**Exercise instructions:**
Leaving out every picture, copy the lines of the data exactly, from the first through the line containing "Once you define".

**Supplied data:**
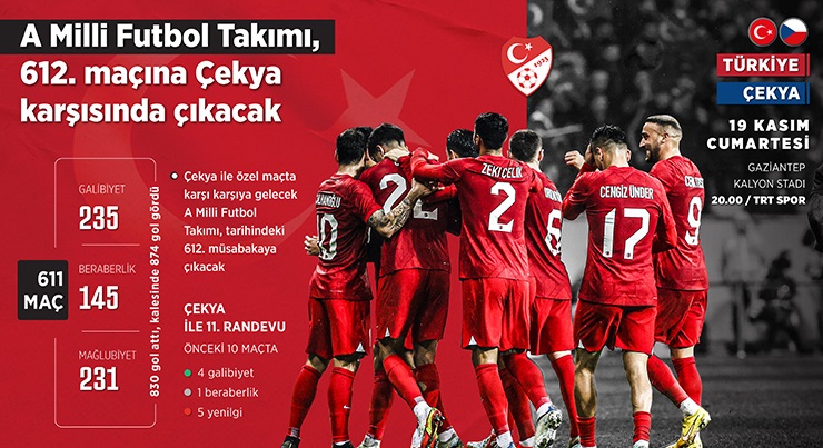 Çekya ile özel maçta karşı karşıya gelecek A Milli Futbol Takımı, tarihindeki 612. müsabakaya çıkacak.
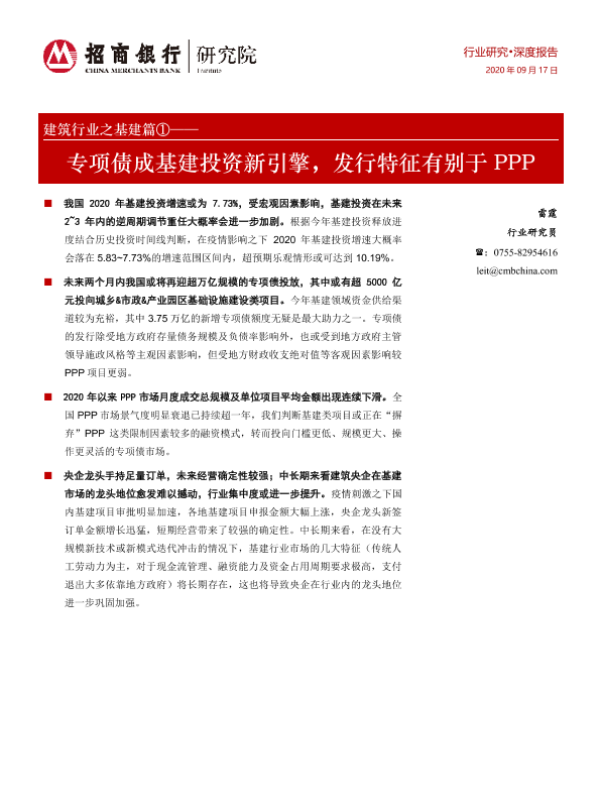 【招商银行】【20200917】建筑行业之基建篇①——专项债成基建投资新引擎,发行特征有别于PPP-48页
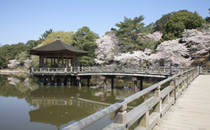 奈良公園にある浮御堂周辺は奈良中心部でも有数の桜の名所。毎年3月下旬より咲き始め、近隣より観光客が訪れます。開花の時期にはライトアップされ、水面に映る幻想的な夜桜を楽しむことができます。
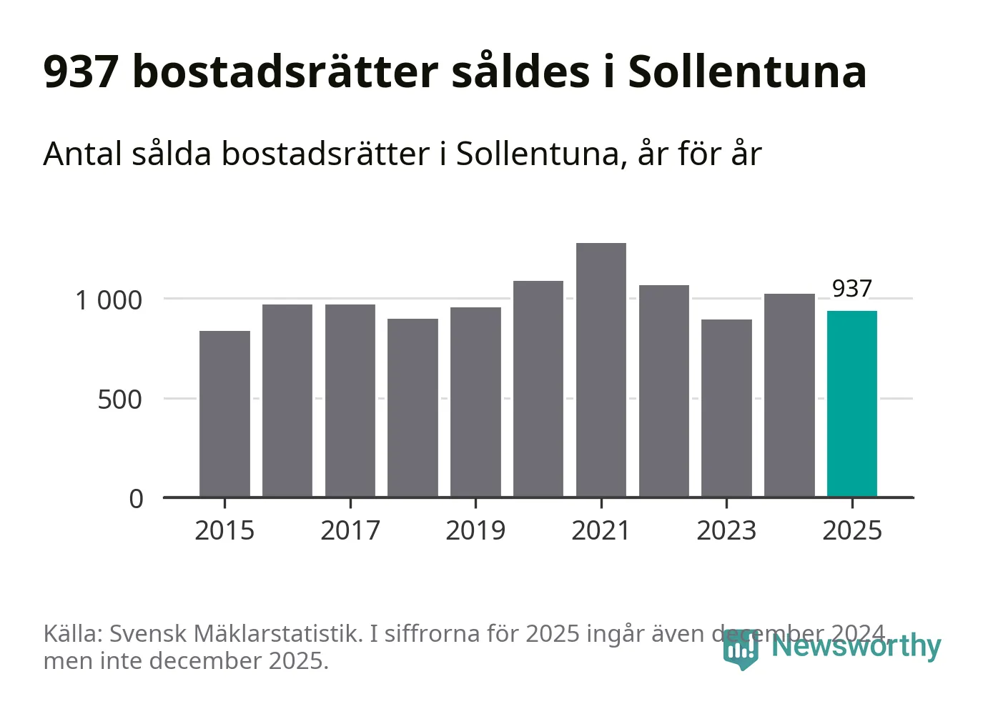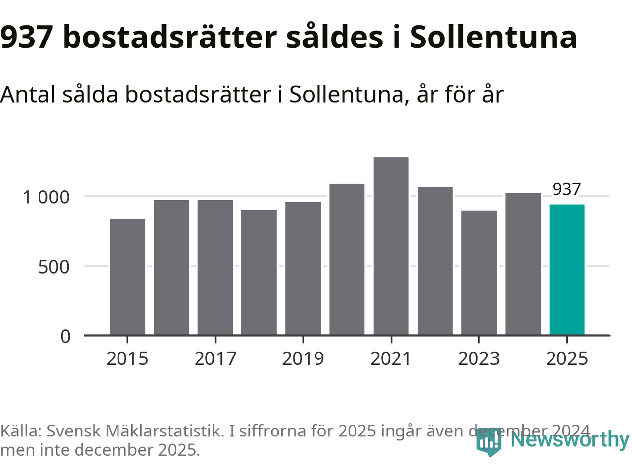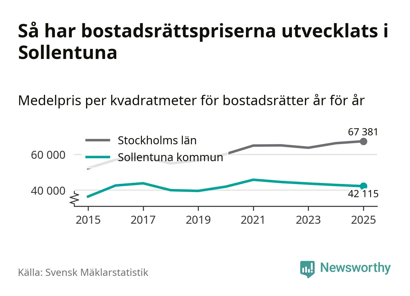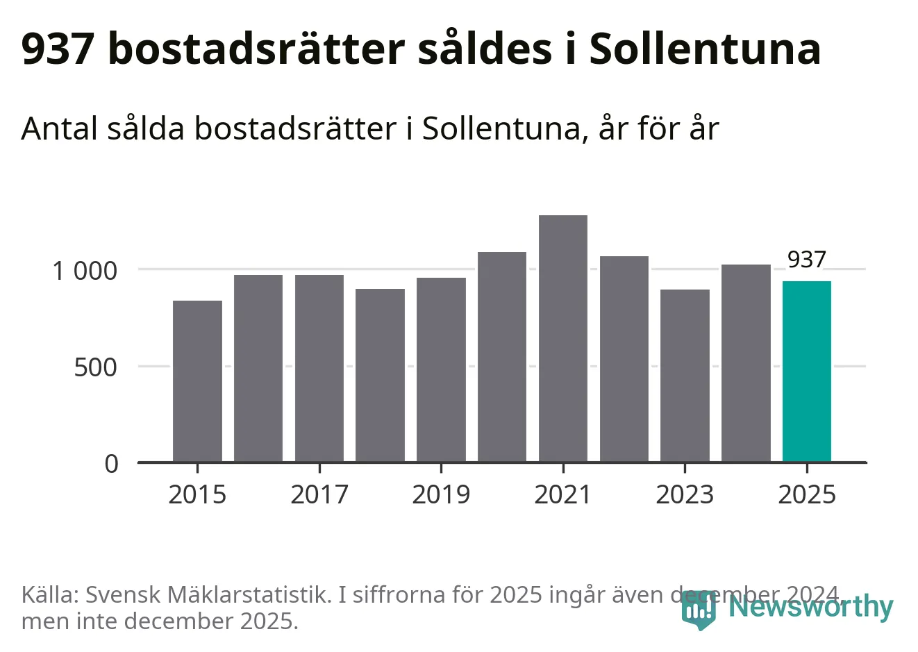 Det visar årsstatistik från Svensk Mäklarstatistik som Newsworthy har sammanställt.
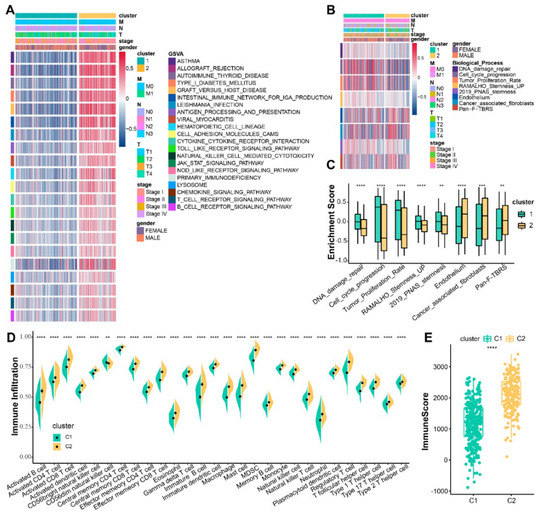 2.3. Cell Infiltration and Biological Characteristics of Both Subtypes
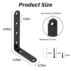 Experience Ultimate Sturdiness: These L-shaped corner brackets are crafted from high-quality steel to provide unbeatable strength and prevent bending or deformation under heavy weights Rust-Proof Finish: Featuring a black-coated finish, these brackets resist rust and corrosion, ensuring they retain their durability for years to come Easy to Reinforce: Perfect for boosting the strength of corner joints, these angle brackets are highly versatile for any woodworking project and safeguard against load collapse, providing peace of mind Effortless Installation: Enjoy hassle-free installation with this set of 4 pieces of 5x3 inch brackets complete with mounting screws and anchors, saving valuable time and money on your woodworking projects Versatile Use: These strong, compact corner braces are suitable for a variety of applications, making them the perfect addition to any shelf or furniture piece, from garden shelves to tables and chairs, ensuring stability Satisfaction Service: Our after-sales service and commitment to quality offer the best service possible, ensuring you are satisfied with your purchase
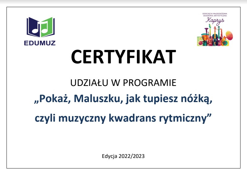 „Pokaż Maluszku, jak tupiesz nóżką, czyli muzyczny kwadrans rytmiczny” 12 czerwca 202312 czerwca 2023 Oddziały przedszkolne brały udział w programie ” Pokaż Maluszku, jak tupiesz nóżką, czyli muzyczny kwadrans rytmiczny” koordynator Sylwia Oleszczuk.
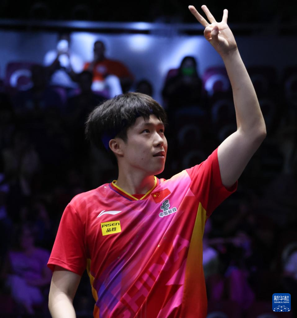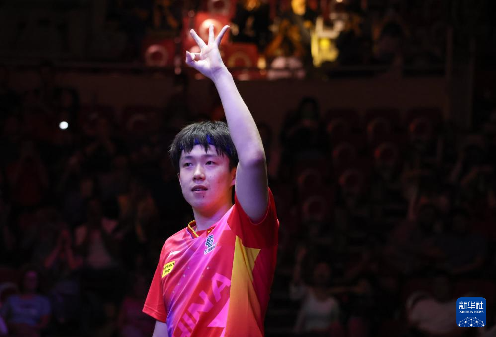 5月11日,冠军中国选手王楚钦在颁奖仪式前向观众致意。新华社记者 王海洲 摄
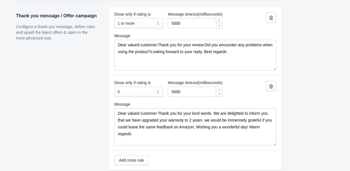 Once you define the rules for review rating, we will trigger an email campaign along with a success notification.
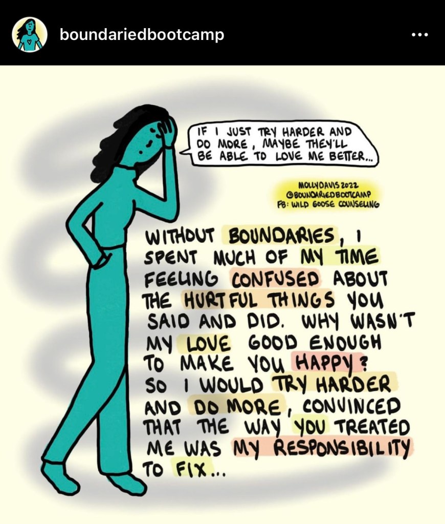 Quand on n’a pas de limites comme individu, on est en quelque sorte poreux, au service de l’autre et rempli par lui. C’est difficile de savoir qui on est. C’est rare aussi qu’une personne qui n’a pas des limites claires ait une bonne estime de soi. C’est aussi un peu impossible au sens où elle est en quelque sorte dressée à être ce que l’autre veut qu’elle soit et ne sait donc pas réellement qui elle est. Il n’y a pas beaucoup de place pour exister dans ce cadre. Il n’y a pas non plus vraiment de possibilité de s’affirmer puisqu’on ne sait pas qui on est et donc on ne sait pas non plus ce qu’on veut ni ce qui est bon pour soi ou pas.
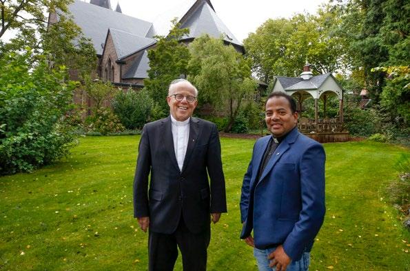 Pastoor Felie Spooren met kapelaan Ramesh. Beiden hebben Valkenswaard per 1 oktober verlaten. (Foto: Jurgen van Hoof)
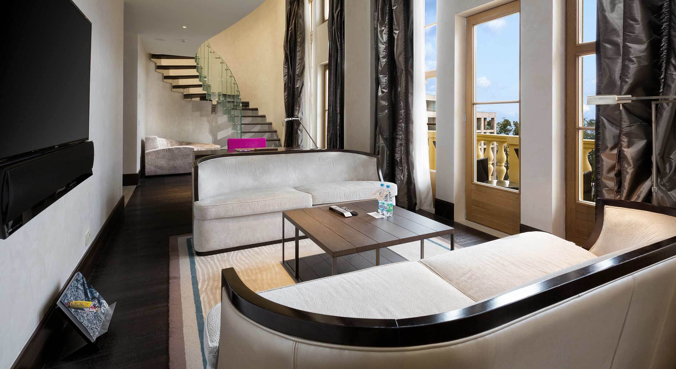 Отель располагается на семи гектарах зеленого парка, богатого цветущими деревьями и кустарниками. Номера отеля отличает простая геометрия, много естественного света, сочные и одновременно неброские цвета отделки, современные технологии, чистота, уют и комфорт.
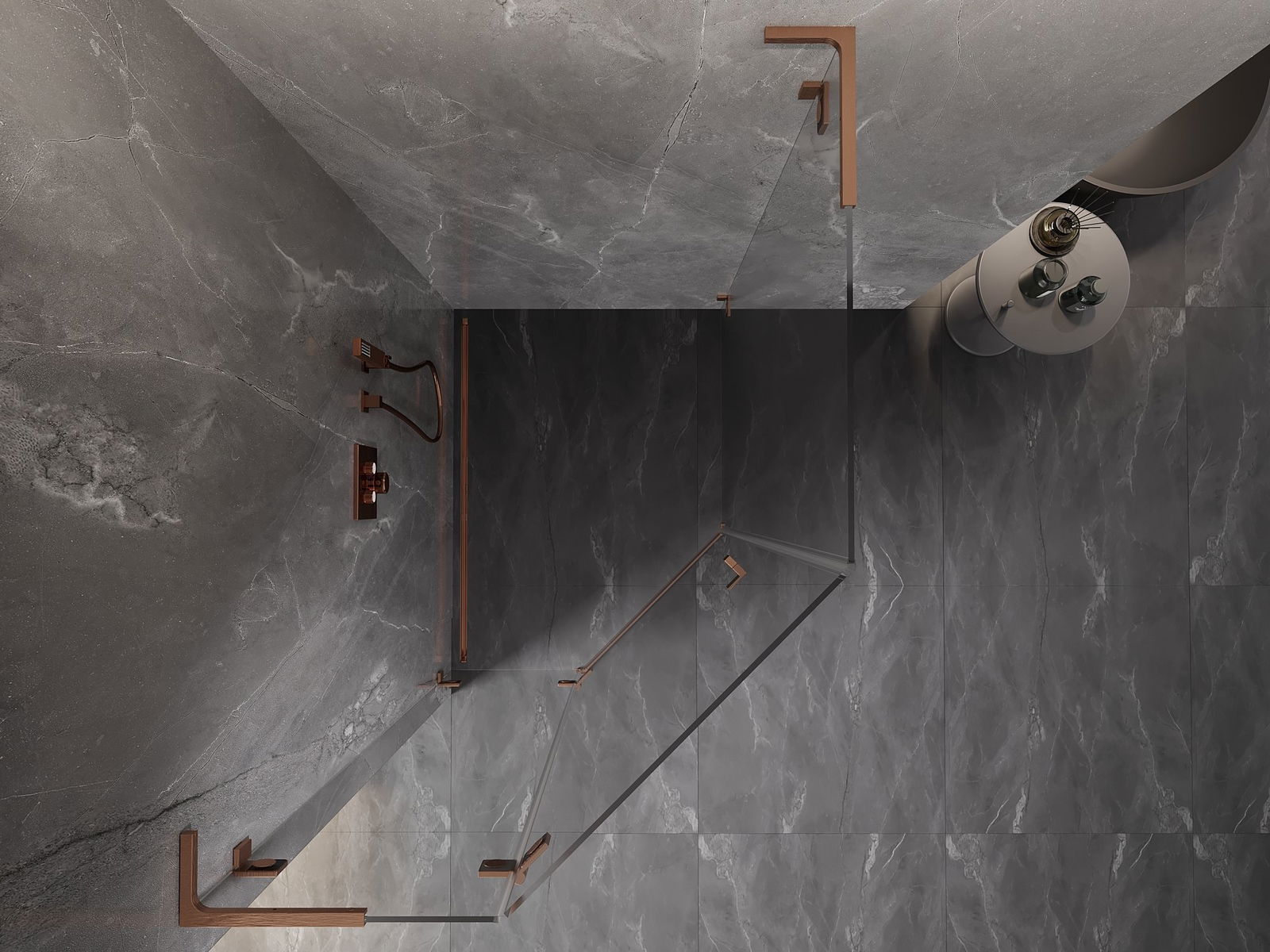 Mexen Lunar L pentagonal shower enclosure left swing door 80 x 90 cm, transparent, brushed copper - 831L-080L-090P-65-00-L
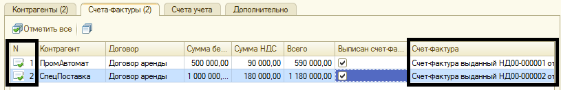 На закладке «Счета-фактуры», устанавливается признак «Выписан счет-фактура» напротив тех контрагентов, кому необходимо выставить счета-фактуры.
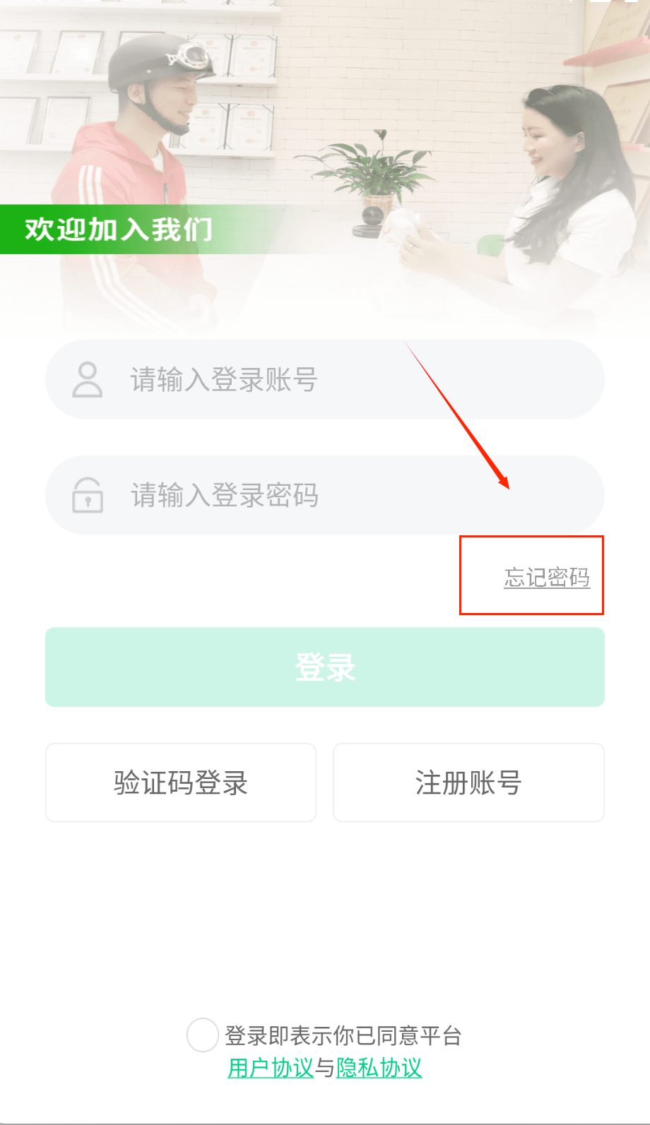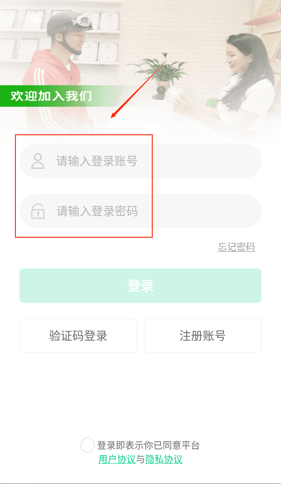 3、验证码和密码输入完要核对一遍,勾选同意协议再点登录,绿色按钮挺显眼的别漏了这一步。
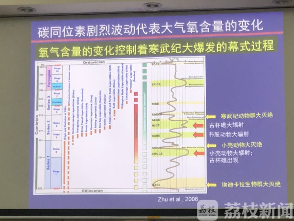 这一成果,首次采用定量模型,论证了5.4亿年前动物的寒武纪大爆发的过程受控于大气和海洋的氧气含量变化,而发生在距今5.14 亿年左右的寒武纪动物群大灭绝事件是海水缺氧造成的。朱茂炎介绍,寒武纪大爆发是多阶段的过程,氧气含量的多和少,影响了大爆发的规模和过程。氧气增加了,生物多样性就增加了,大爆发的速度就加快了。

**Answer below:**
 Çekya ile özel maçta karşı karşıya gelecek A Milli Futbol Takımı, tarihindeki 612. müsabakaya çıkacak.
 【招商银行】【20200917】建筑行业之基建篇①——专项债成基建投资新引擎,发行特征有别于PPP-48页
 奈良公園にある浮御堂周辺は奈良中心部でも有数の桜の名所。毎年3月下旬より咲き始め、近隣より観光客が訪れます。開花の時期にはライトアップされ、水面に映る幻想的な夜桜を楽しむことができます。
 Det visar årsstatistik från Svensk Mäklarstatistik som Newsworthy har sammanställt.
 2.3. Cell Infiltration and Biological Characteristics of Both Subtypes
 Experience Ultimate Sturdiness: These L-shaped corner brackets are crafted from high-quality steel to provide unbeatable strength and prevent bending or deformation under heavy weights Rust-Proof Finish: Featuring a black-coated finish, these brackets resist rust and corrosion, ensuring they retain their durability for years to come Easy to Reinforce: Perfect for boosting the strength of corner joints, these angle brackets are highly versatile for any woodworking project and safeguard against load collapse, providing peace of mind Effortless Installation: Enjoy hassle-free installation with this set of 4 pieces of 5x3 inch brackets complete with mounting screws and anchors, saving valuable time and money on your woodworking projects Versatile Use: These strong, compact corner braces are suitable for a variety of applications, making them the perfect addition to any shelf or furniture piece, from garden shelves to tables and chairs, ensuring stability Satisfaction Service: Our after-sales service and commitment to quality offer the best service possible, ensuring you are satisfied with your purchase
 „Pokaż Maluszku, jak tupiesz nóżką, czyli muzyczny kwadrans rytmiczny” 12 czerwca 202312 czerwca 2023 Oddziały przedszkolne brały udział w programie ” Pokaż Maluszku, jak tupiesz nóżką, czyli muzyczny kwadrans rytmiczny” koordynator Sylwia Oleszczuk.
 5月11日,冠军中国选手王楚钦在颁奖仪式前向观众致意。新华社记者 王海洲 摄
 Once you define the rules for review rating, we will trigger an email campaign along with a success notification.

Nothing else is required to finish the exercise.